В Вольгороде витал запах тревоги. Им было наполнено всё: воздух, еда, взгляды людей. Мне всё же не удалось сохранить спокойствие среди населения. Не знаю кто или что стало причиной утечки, но факт оставался фактом и нам едва удавалось сдерживать народное волнение. Среди людей зрел слух, что император Инн ведёт миллионы воинов, в каждом из которых живёт дух зверя, отчего каждый боец императора обладает огромной силой и неисчерпаемой звериной яростью. Многие хотели пойти на мирное соглашение ещё до начала войны и мне стоило огромных усилий для удержания состояния внутри города в относительном порядке. Помогал мне в этом деле собственный авторитет и то, что среди моих солдат было множество бояр и дворян, которые имели высокую военную подготовку. Да и золотишка пришлось потратить, чтобы подкупить часть из наиболее активных сторонников мира, дабы те поменяли свою позицию и на этот раз продвигали военную повестку среди переселенцев. Так что, кризис в колонии удалось пережить достаточно легко. К тому же, практически двадцать город выступили нашими прямыми союзниками, собирая собственные ополчения, которые должны были удержать флот Аяка от прорыва по реке.
В городе все были готовы к битве, благо, запас оружия, стрел и арбалетных болтов у нас был накоплен приличный, а значит какое-то время ополчение сможет эффективно уменьшать численность вражеского войска. Командовать возможной защитой поселения был назначен Бернд. Он рвался в бой, но я здраво рассудил, что не привыкшему к сражению ополчению нужен грамотный командир да и хорошо подвешенный язык Бернда мог помочь на случай возможных переговоров. Я сомневаюсь, что Аяк на них пойдёт, ведь победа для него нужна с репутационной точки зрения, но даже так стоило быть готовым к разного рода решениям противника. В усиление Бернду был приставлен Могута. Царевич хоть и был боевитым мужиком, но его опыт в сражениях был не таким большим, в отличие от статуса. Может быть, Владислав и рад бы был смерти своего «братца», но присутствие его в городе могло бы вдохновить горожан на случай, если всё же им случится обороняться.

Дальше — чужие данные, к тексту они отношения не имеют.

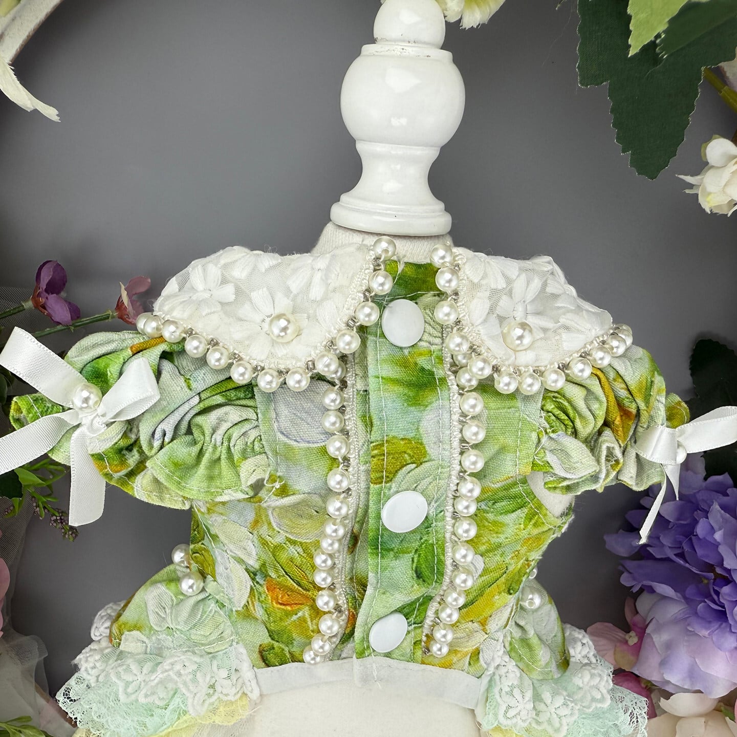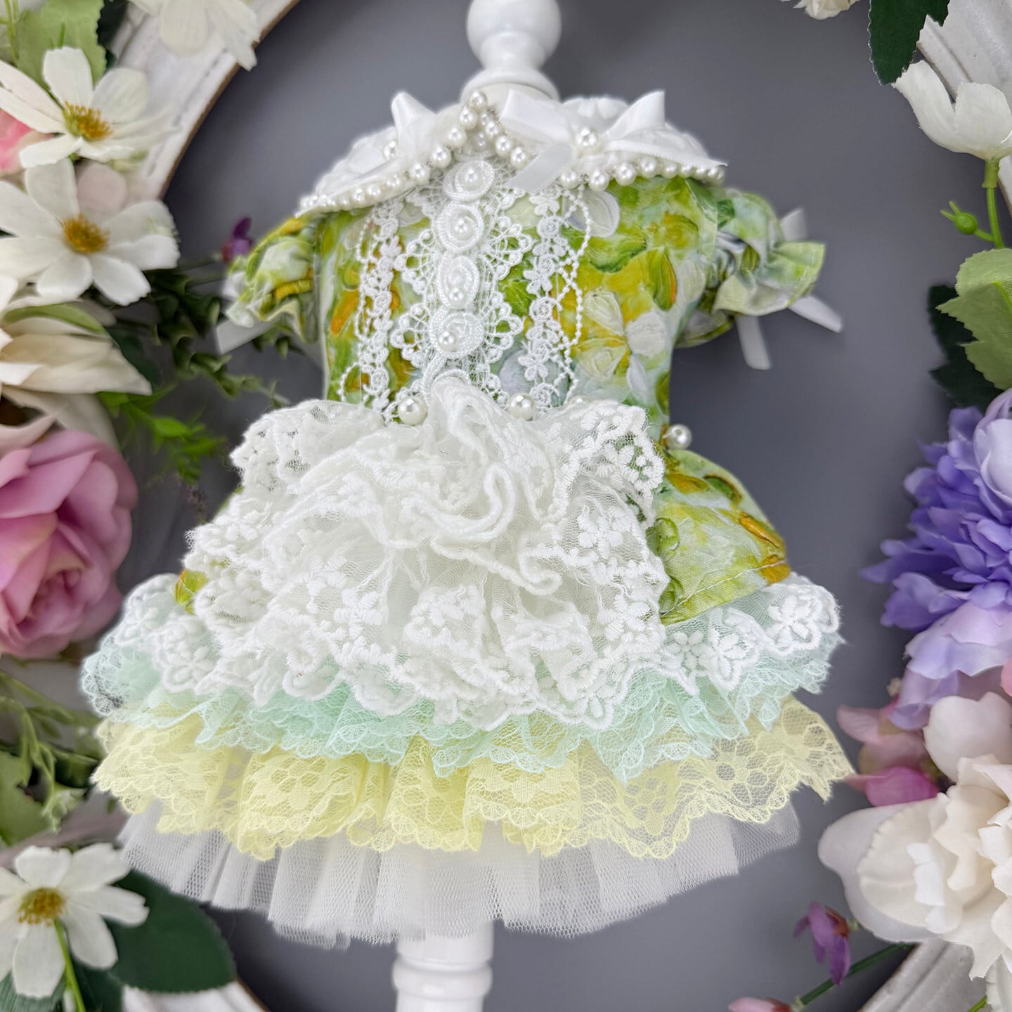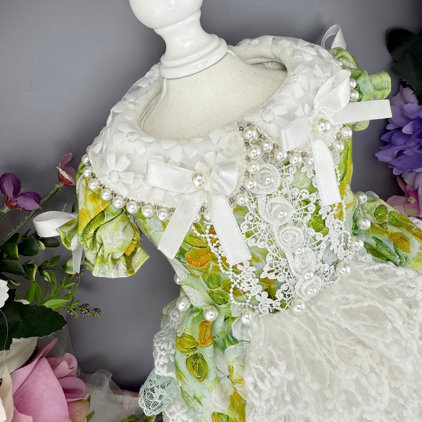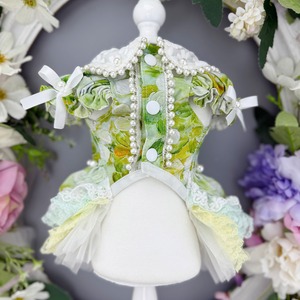胸元には繊細なレースとパール調の装飾を贅沢にあしらい、可憐さの中に気品をプラス。立体的に重なるレースフリルがスカートにふんわりとしたボリュームを生み、軽やかで愛らしいシルエットを描きます。

Сейчас мои войска находились в режиме низкого старта. Снаряжение было собрано, обоз составлен, кони накормлены, а это значит, что в любой момент мы сможем выступить навстречу войску Лагриканцев. Мы дожидались, когда первые вести о начале битвы на реке достигнут нас ровно в тот же момент мы выдвинемся из города. После преодоления Инн на нескольких оставшихся при мне стругах, до выбранного места схватки нам идти было всего пару дней. Благо, длительному маршу войско было обучено и большого обоза мы с собой не брали, чтобы не снижать скорость из-за вереницы тянущихся позади нас телег. Конечно, можно было бы составить вагенбург, но против нас не выступало конное войско, а потому он станет лишь помехой и обременением. Конечно, тогда мы будем закрыты со всех сторон телегами, но они были нужны в хозяйстве, да и я рассчитывал на конницу с артиллерией, который могли позволить мне совершать оперативные манёвры на поле боя.

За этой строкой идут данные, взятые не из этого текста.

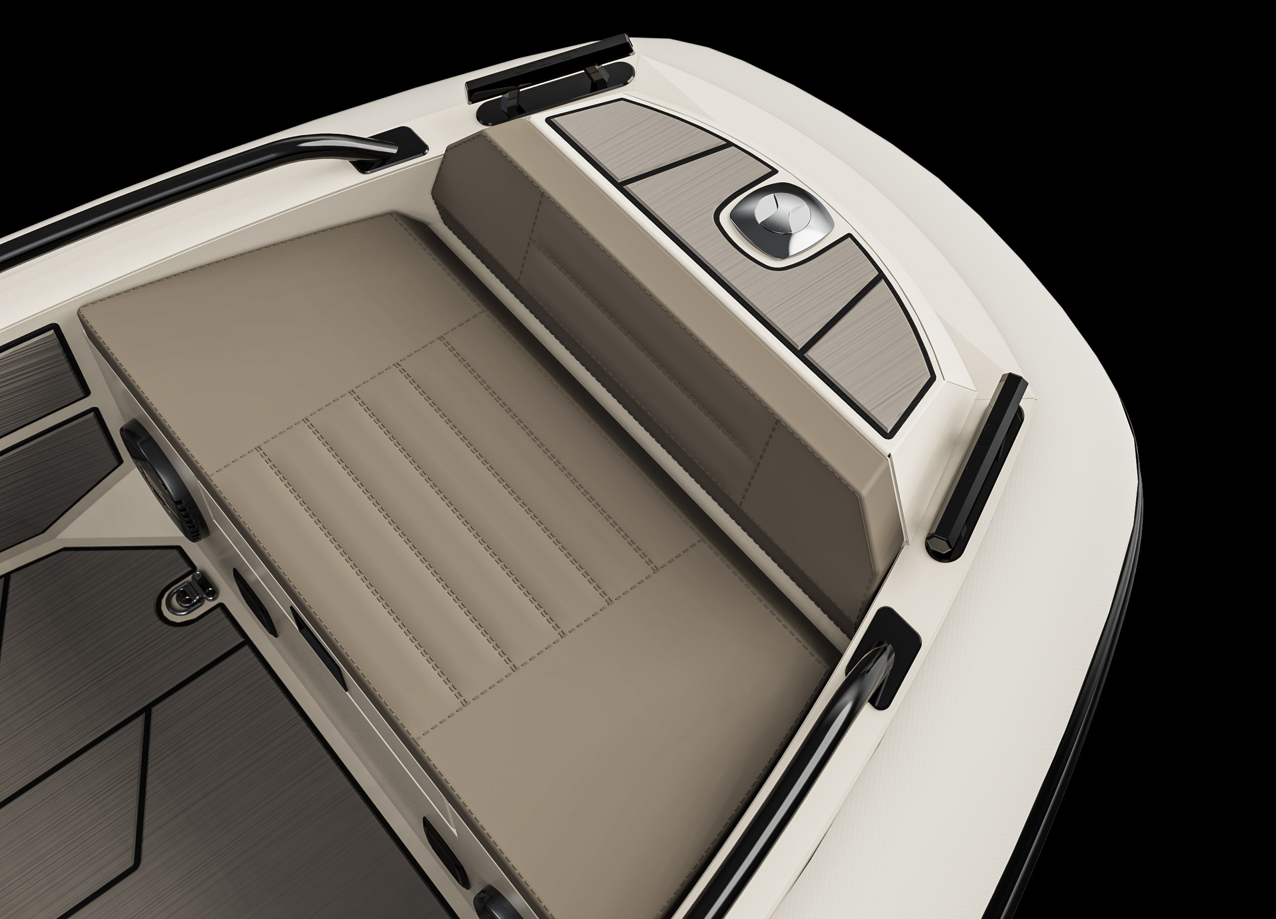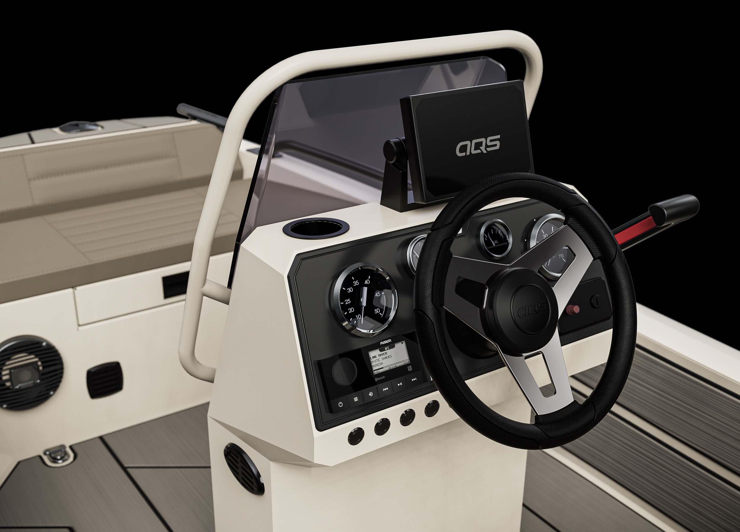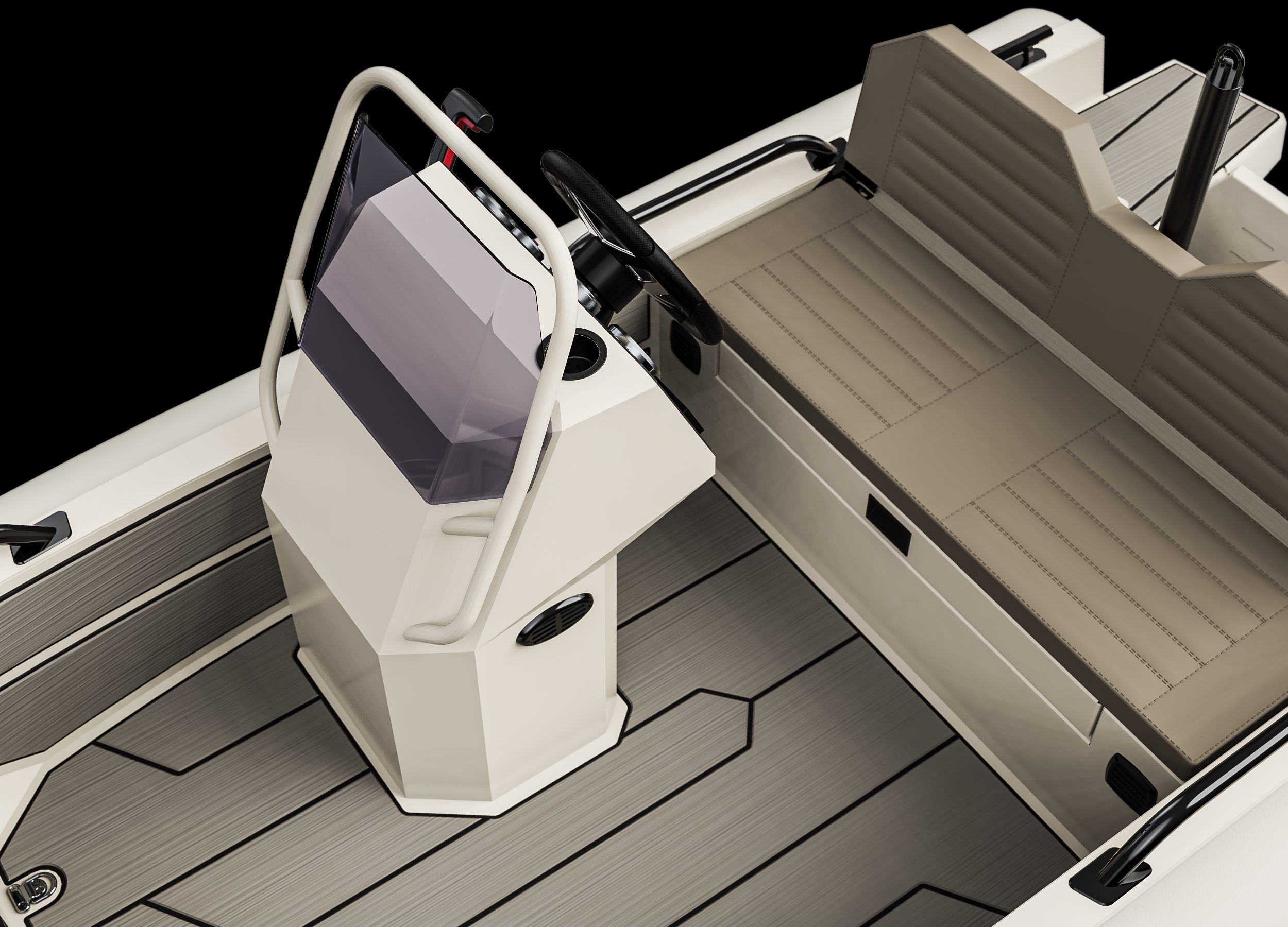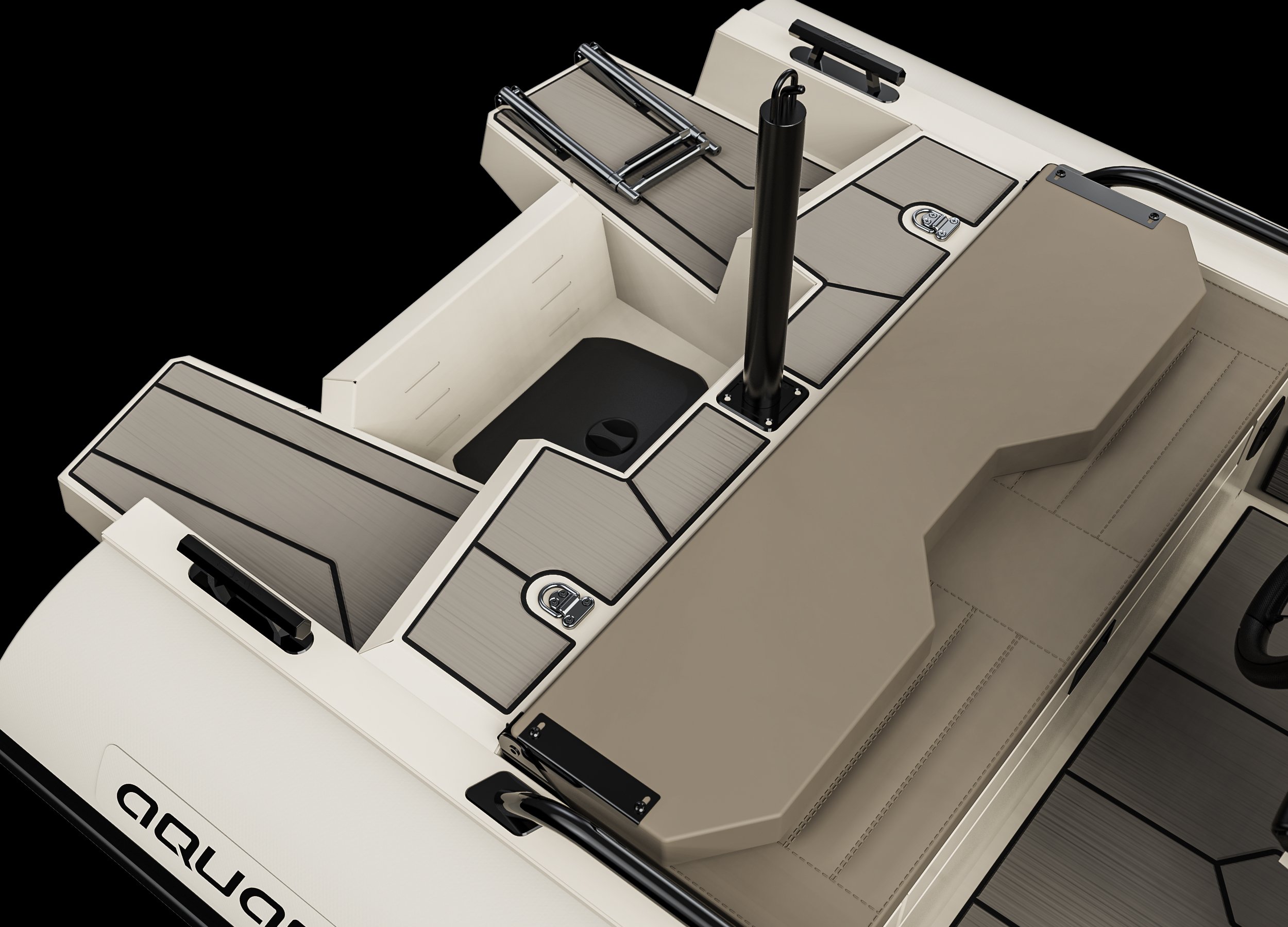 The Aquaspirit S370 is a fast and agile tender with a unique design. This boat combines compact external dimensions with an impressive 1.20 m-wide cockpit, comfortably accommodating up to four people. It comes equipped with a console featuring a windscreen, perimeter handrails, and plenty of storage space for personal belongings.

Вести о начале боестолкновений на реке достигли нас через три дня, после того как на помощь к союзническим контингентам выдвинулся небольшой корпус моих воинов во главе с Рубеном. Парень был молод, но отлично подготовлен, а потому операция под его руководством должна окончится успехом. Сообщение доставил верный сокол, который продолжал путешествовать с Рубен с момента его прикомандирования тогда к ещё наёмничьему отряду. Несколько раз птицу чуть не подстреливали, но она до сих пор исправно выполняла все возложенные на неё задачи даже под плотной стрельбой со стороны противника.

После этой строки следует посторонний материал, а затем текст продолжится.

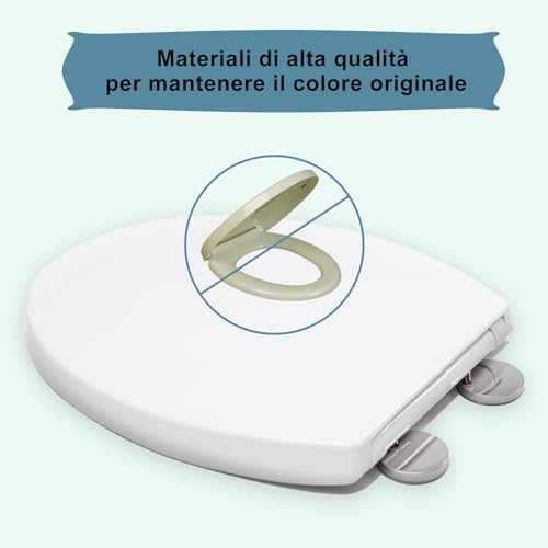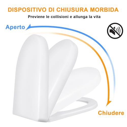 【Design Ergonomico】Copriwater allargato bellissimo arco di design ad anello inferiore, bellezza semplice ed elegante,vi farà sentire un comfort senza pari.Un copriwater semplice e pratico,che vi farà sentire la bellezza più reale nella vostra vita quotidiana.Un WC confortevole,che permette di ridurre i tempi di utilizzo della toilette.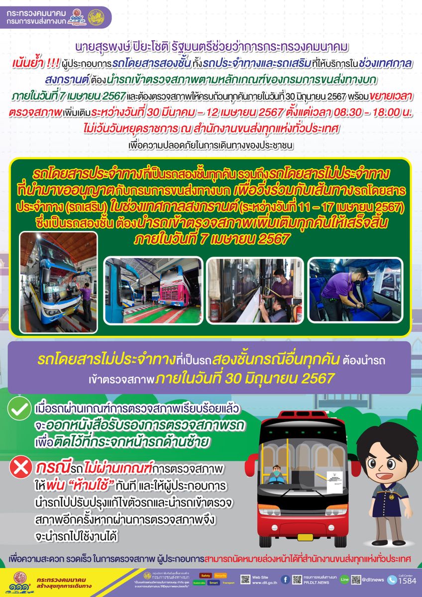 นายสุรพงษ์ ปิยะโชติ รัฐมนตรีช่วยว่าการกระทรวงคมนาคม เปิดเผยว่า เทศกาลสงกรานต์เป็นช่วงวันหยุดยาวที่ประชาชนนิยมเดินทางกลับภูมิลำเนาและมีนักท่องเที่ยวทั้งชาวไทยและชาวต่างชาติเดินทางไปพักผ่อนท่องเที่ยวตามสถานที่ต่าง ๆ ส่งผลให้มีการใช้รถใช้ถนนเป็นจำนวนมาก โดยในช่วงเทศกาลสงกรานต์ 2567 รัฐบาล นำโดยนายเศรษฐา ทวีสิน นายกรัฐมนตรี ได้มอบนโยบายให้กระทรวงคมนาคมดำเนินมาตรการอำนวยความสะดวกและความปลอดภัยของประชาชนเพื่อให้เดินทางถึงที่หมายได้อย่างปลอดภัยและลดการสูญเสียจากอุบัติเหตุในช่วง 7 วันอันตราย รวมถึงบูรณาการร่วมกับหน่วยงานที่เกี่ยวข้องเพื่อให้ประชาชนเดินทางได้อย่างไร้รอยต่อ ตอบโจทย์นโยบาย “สะดวก สบาย ปลอดภัย ไร้รอยต่อ” กระทรวงคมนาคมได้สั่งการไปยังกรมการขนส่งทางบกให้ดำเนินมาตรการตรวจความพร้อมของรถโดยสารและพนักงานให้มีความพร้อม 100 % ทั้งก่อนให้บริการและระหว่างเส้นทาง การเดินทางผ่านจุด Checking Point ทั่วประเทศ ทั้งนี้ รถโดยสารประจำทางและไม่ประจำทางเป็นรถที่ประชาชนนิยมใช้บริการในช่วงเทศกาลฯ โดยเฉพาะรถโดยสารสองชั้น ที่สามารถบรรทุกผู้โดยสารได้มากกว่ารถมาตรฐานอื่น เมื่อเกิดอุบัติเหตุขึ้นย่อมมีความเสี่ยงที่จะเกิดความเสียหายต่อชีวิตและทรัพย์สินจำนวนมาก เพื่อยกระดับความความปลอดภัยในการเดินทางด้วยรถโดยสารสองชั้น กรมการขนส่งทางบกได้ออกประกาศ เรื่อง กำหนดหลักเกณฑ์และวิธีการตรวจสภาพรถ ตามเงื่อนไขในใบอนุญาตประกอบการขนส่ง สำหรับรถที่ใช้ในการขนส่งผู้โดยสารมาตรฐาน 4 (รถสองชั้น) พ.ศ. 2567 เพื่อกำหนดให้รถโดยสารสองชั้นทุกคัน ต้องเข้ารับการตรวจสภาพเพิ่มเติมอย่างเข้มข้น เพื่อให้เกิดความปลอดภัยในการเดินทางของประชาชน ในช่วงเทศกาลสงกรานต์ ปี 2567 และขอกำชับ !!! ให้ผู้ประกอบการต้องนำรถโดยสารสองชั้น เข้ารับการตรวจสภาพเพิ่มเติมตามประกาศดังกล่าวอย่างเคร่งครัด เพื่อเป็นจุดเริ่มต้นของความปลอดภัยในการเดินทางของประชาชน

Получив сообщение, я сразу же приказал переправляться через реку. В городе мы оставались по сей момент только из-за лёгкости снабжения, ведь перевозить через Инн продукты для пятитысячного войска было проблематично. Теперь же мы везли немалую часть припасов с собой, взяв в обоз лишь несколько телег, доверху нагруженных самым необходимым. Конечно, помимо телег снабжения провиантом и огромных бочек на колёсах, шли в обозе и телеги с порохом да остальным военным скрабом. Благодаря грамотному их распределению, обоз получился не самым длинным, а избыток лошадей, поставляемых как городами-союзниками, так и кочевниками-калаками, позволял делать армию достаточно мобильной. В будущем мне хотелось и вовсе посадить всю армию в сёдла, чтобы наиболее оперативно действовать на бескрайних просторах Лагрики, которую нам предстояло ещё долгие года исследовать после победы над Аяком. Однако, рано пока загадывать на будущее, когда предстоит столь сложная схватка, ценой за проигрыш в которой будет не только моя жизнь, но и жизни ещё пятнадцати тысяч человек. Много? Ещё не придумали слово, которое будет обозначать насколько же велика такая цена.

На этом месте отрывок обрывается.